Был полдень, когда я на попутной машине въехала в Тарабиху. Этот городской поселок был не только центром большого сельского района, но и крупной узловой железнодорожной станцией. Жизнь здесь, не в пример другим районным городкам, кипела. По немощеным улицам пылили грузовики, возле почты, бани и универмага продавали квас. А на станции рядом с огурцами, помидорами и ранней репой продавались цветы — красные, без оттенков, как из бумаги, георгины. Но были, как потом я рассмотрела, и приметы застоя: на стадионе, привязанные к колышкам, паслись козы, из бани жители шагали с тазами под мышкой, а пол в кинотеатре не подметали никогда, зрители сидели по щиколотку в подсолнечной шелухе.

Редакция районной газеты выглядела с улицы по-старинному гостеприимной: широкое мраморное крыльцо в две ступеньки, на вывеске, словно летело вверх, написанное прописью слово «Заря». Дверь были высокая, широкая и на вид очень прочная.

Я открыла эту дверь.
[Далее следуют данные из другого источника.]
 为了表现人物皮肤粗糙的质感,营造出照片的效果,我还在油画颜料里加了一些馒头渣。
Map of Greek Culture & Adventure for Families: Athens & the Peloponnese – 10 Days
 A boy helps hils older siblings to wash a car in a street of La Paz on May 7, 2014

Внутри сидело за столом высохшее от ненависти к людям существо по фамилии Шубкин. Не помню, каким он мне показался тогда, в первый раз. И вспоминать не хочу. Он всегда был гадом и, когда я покинула редакцию, таким остался. П. Шубкин. Господи, ну почему я тогда перед отъездом не окатила его водой, не надела ему на голову ведро? Я же взяла это ведро, прижала его к себе и сделала два шага. Вода в нем была холодная и тяжелая, как ртуть. Но я струсила, а потом наврала Любочке и Анне Васильевне: «Если б вы только видели, как он закружил, как мокрая курица, на одном месте. Весь до последней ниточки мокрый и ничего не видит — на голове ведро».
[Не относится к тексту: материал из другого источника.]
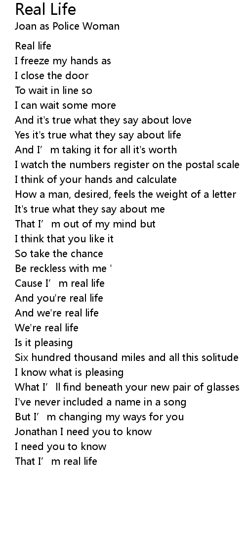 | Cause I' m real life | |
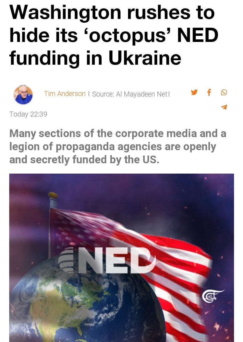 #Russia invaded#Ukraine#Washington rushed to delete funding details of 100s of#Ukraine groups through its ‘National Endowment for Democracy’#NED , finance used in attempts to subvert and control most of the world. https://english.almayadeen.net/articles/analysis/washington-rushes-to-hide-its-octopus-ned-funding-in-ukraine …pic.twitter.com/AVVEw3SBKT
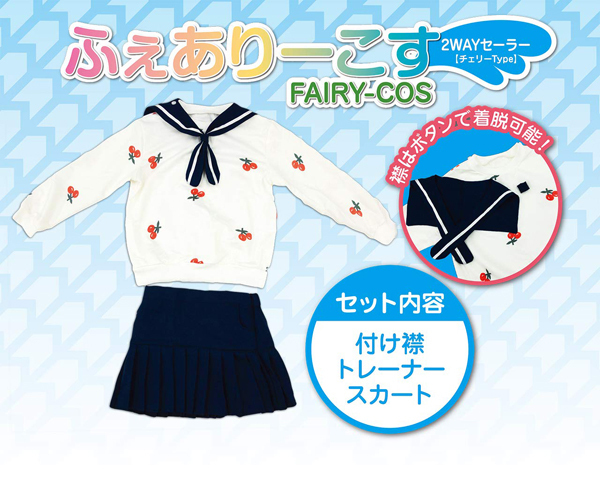 商品ID:e25876 カラー:-- 種類:ラブドール/2WAYセーラー チェリーType 仕様:パッケージ:36.0×25.0×2.0cm セット内容:付け襟、トレーナー、スカート
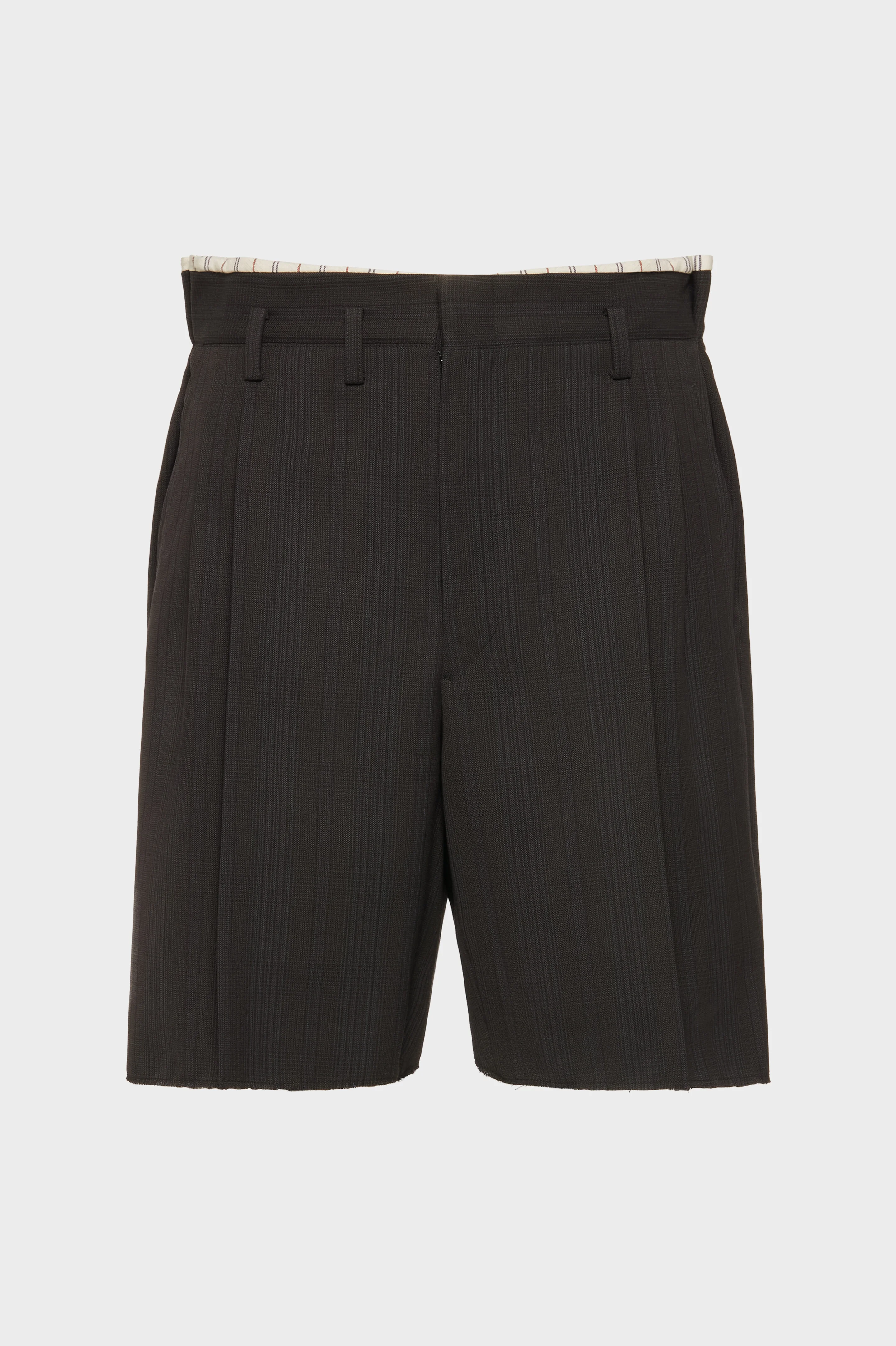 These tailored shorts feature crisp pleats and an unfinished hem. A striped interior at the waistband offers a quiet take on Anonymity of the Lining – a house code that subtly inverts expectation. Maison Margiela’s signature, the four stitches, appear at the back; the opposite of a label. Product Details Item ID S50MU0090M35491001F Primary Fabric: 99% Virgin Wool 1% Cotton Tailored shorts with exposed interior waistband Front pleats Asymmetrical belt loops Four stitches at the back Made in Italy
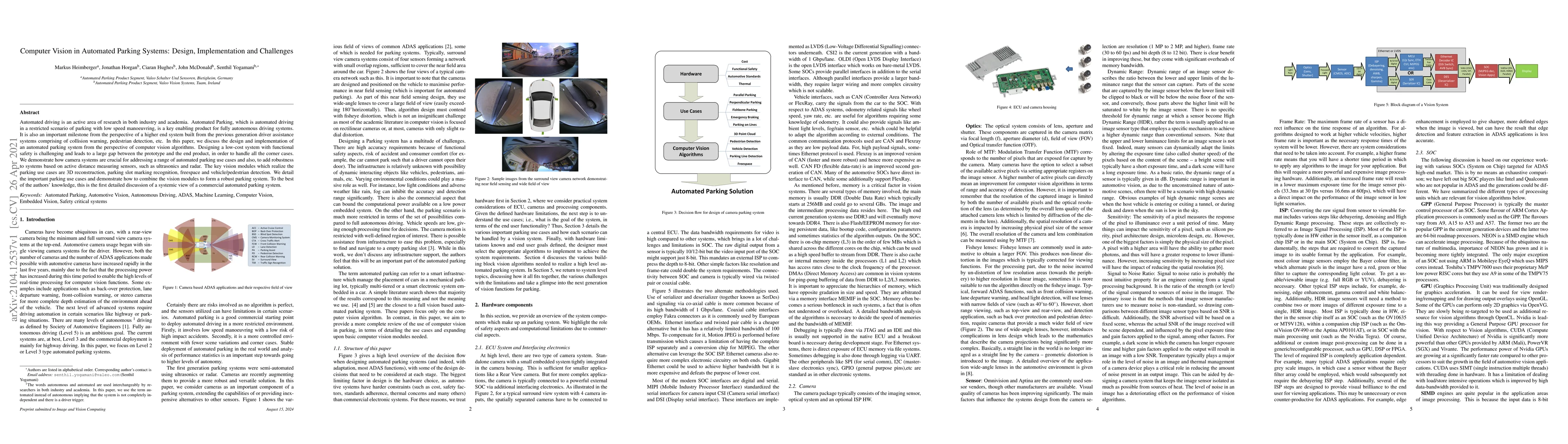 This paper explores the design and implementation of an automated parking system using computer vision, emphasizing low-cost, functional safety, and the integration of camera systems to enhance robustness. It details key vision modules like 3D reconstruction and pedestrian detection, and discusses the challenges in bridging the gap between prototype and commercial deployment.

Любочка и Анна Васильевна не поверили мне, но мое вранье привело их в восторг. Любочка даже вскрикнула, захлебнувшись этим видением. И Анна Васильевна погасила в глазах сомнение.
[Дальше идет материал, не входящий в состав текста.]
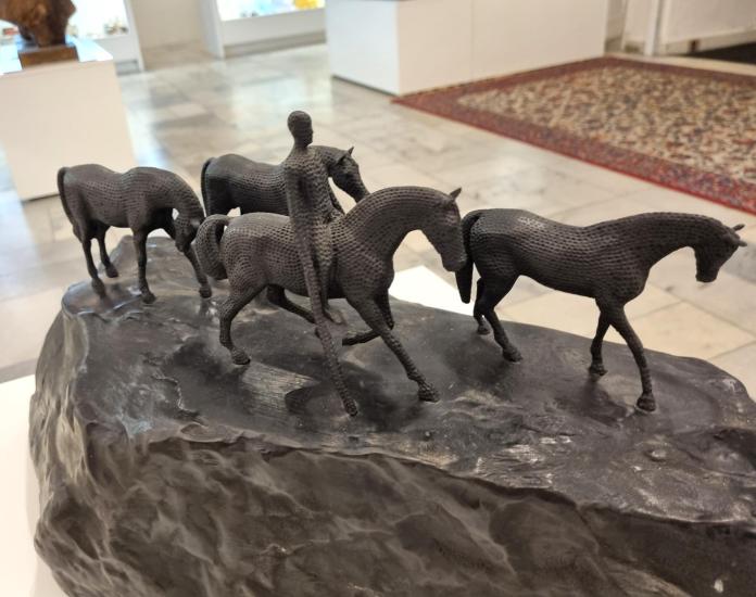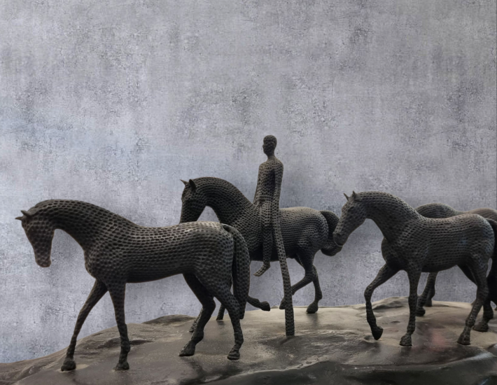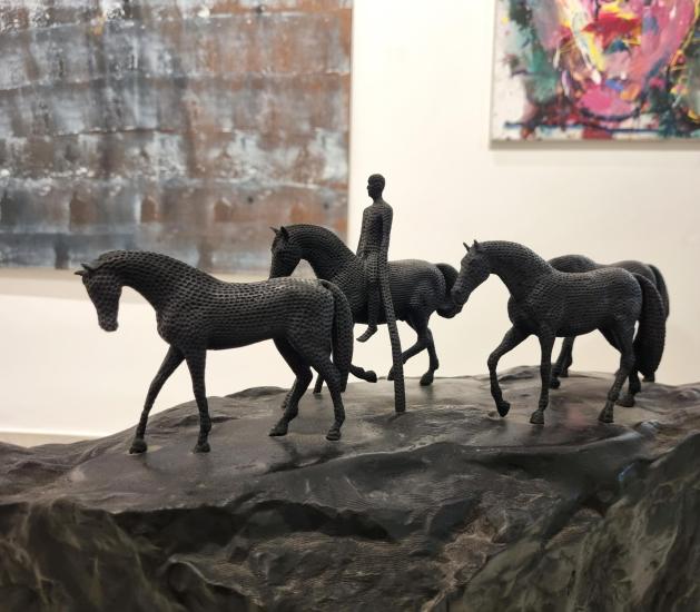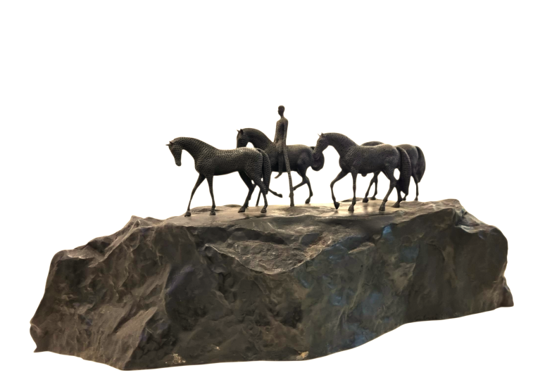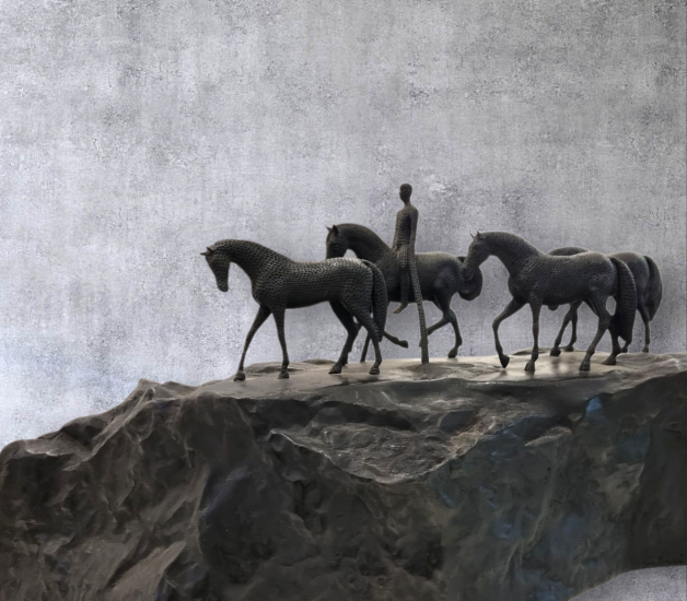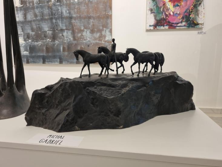 Bronzové sousoší s pracovním názvem ,,Sousoší s jezdcem,, první odlitek ze čtyř. Výška 31 cm, délka 69 cm, v nejširším bodě 20 cm. Signováno Gabriel.

И что же он?— спросила она.

Откуда мне знать, я же ушла.

А я ведь на самом деле пришла к нему перед отъездом. Открыла калитку, а там собака. Цепь утонула в траве. Но эта цепь двигалась по проволоке, и собаке ничего не стоило стряхнуть с себя оцепенение и одним прыжком настичь меня у калитки. Помню, возле моих ног лежал обломок кирпича. Я подняла и, как хлеб, снизу вверх послала его в сторону будки. Почему-то мне казалось, что этот мой жест будет понят собакой так: пропусти, видишь, я не бью тебя этим обломком кирпича, а бросаю его, как хлеб. Собака так и поняла, понюхала кирпич и, шурша в траве цепью, побрела в будку. А я направилась к дому. Открыла дверь в сени, за ней вторую и в глубине комнаты, отделенной от кухни сдвинутой в сторону занавеской, увидела Шубкина. Он сидел за столом спиной ко мне. Услышал мои шаги, кинул взгляд из-за плеча и повернулся вместе со стулом. Стол, за которым он сидел, был покрыт льняной скатертью. В углу под потолком висела икона. Было душно, как будто дом, несмотря на уличную жару, недавно протопили.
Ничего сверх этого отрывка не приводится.